The goal of this analisys is to explore skills mostly seeked by ukrainian companies, that are looking for Data Scientists
Results of this exploration will be used to help to restructure curriculum of masters's program to help students to gain skills required by market.
Scraping data from djinni.co
I choosed web site djinni.co for a source of data as it provides most-relevant urkainian job postings as can be scraped through simple to use json REST-api.
Pulling preloaded data from file
These models are required for corpus analysis
Let's take a look into a single job description to determine futher steps, rerquired to retrive useful insights.
As we can see, each posting is full of "dirty" tokens: symbols, stop-words like "in", "of", etc., and ukrainian descriptions, which can not be used to determine key skills, so we have to remove them from text.
First step: remove comoon english "stop-words"
Greate, now we can see more useful tokens, next step is to clean punctuation symbols:
Now we can see some useful tokens that represent skills, like "swift" of "objective-c".
But some words are still useless, let's try to calssify them by the part of speech, maybe that could filter out some of them.
Even though we would like to filter out adjectives, some of them turned out to be useful and describe required skills, so we can not use POS classification to shrink our dataset.
Nevertheless, it looks that some words like "developmet", "learning", "design" would make more sence, if those were used in pair with other words from job description.

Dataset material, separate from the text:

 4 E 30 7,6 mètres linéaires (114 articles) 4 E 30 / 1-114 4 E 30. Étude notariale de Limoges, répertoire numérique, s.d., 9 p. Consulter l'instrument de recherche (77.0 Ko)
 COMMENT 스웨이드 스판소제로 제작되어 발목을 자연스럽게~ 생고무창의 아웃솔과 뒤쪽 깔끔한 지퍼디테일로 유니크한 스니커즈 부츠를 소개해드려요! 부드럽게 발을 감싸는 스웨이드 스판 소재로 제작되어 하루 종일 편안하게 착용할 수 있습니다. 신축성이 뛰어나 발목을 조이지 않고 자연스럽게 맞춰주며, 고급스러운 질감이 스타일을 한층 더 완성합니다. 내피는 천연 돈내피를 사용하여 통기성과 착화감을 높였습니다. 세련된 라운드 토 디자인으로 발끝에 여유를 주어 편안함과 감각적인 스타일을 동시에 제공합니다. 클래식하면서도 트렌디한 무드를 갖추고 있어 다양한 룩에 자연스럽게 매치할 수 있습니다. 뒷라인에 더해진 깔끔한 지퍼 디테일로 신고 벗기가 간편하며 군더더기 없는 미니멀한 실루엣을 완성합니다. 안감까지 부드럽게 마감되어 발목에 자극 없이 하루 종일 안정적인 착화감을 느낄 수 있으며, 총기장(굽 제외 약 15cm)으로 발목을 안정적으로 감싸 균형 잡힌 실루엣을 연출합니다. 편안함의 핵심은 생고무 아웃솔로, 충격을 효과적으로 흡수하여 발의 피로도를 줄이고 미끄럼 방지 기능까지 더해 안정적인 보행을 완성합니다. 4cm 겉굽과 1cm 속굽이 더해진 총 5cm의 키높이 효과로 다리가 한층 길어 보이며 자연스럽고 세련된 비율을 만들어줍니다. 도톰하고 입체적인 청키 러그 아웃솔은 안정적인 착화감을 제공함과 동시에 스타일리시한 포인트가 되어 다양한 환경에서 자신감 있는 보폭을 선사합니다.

Let's try to build bi-grams: word tuples, that consists of pairs of consuent words.
This pairwise analysis produces a big list of word pairs,which would be nice to have as a single skill/token.
Also, turns out that lots of soft-skills are well-represented as a word pair, like "'communication', 'skills'", "'hands-on', 'experience'", "'spoken', 'english'".
Unfortulately, there are also lot's of job-perks, that are not relevant for our analysis, so it would be nice to filter them out.
Final data processing
Below we apply all cleaning and tokinezation process to entire dataset, so we could get insigts on most-frequantly mentioned skills.
To reduce impact of the same words mentioned in single job-posting, final bag of tokens is extended only by set of tokens from single entry.
When we have cleaned-up set of tokens, we can group them to cound frequencies of each of them
One of the first questions asked by student, how seeks to persue Data Scientist's carrer is which programming language to learn.
Distribution below shows that python is a huge winner and tripples result of any other languages. Qute interesting that Java and C are also in some demand.
Despite common DS community opinion, PyTorch (mostly backed by acadimia) get's ahead of TensorFlow (baked by Enterprise)
Also, even though pandas is rarely used in prodaction, it looks like it's also required probably for some exploratory tasks.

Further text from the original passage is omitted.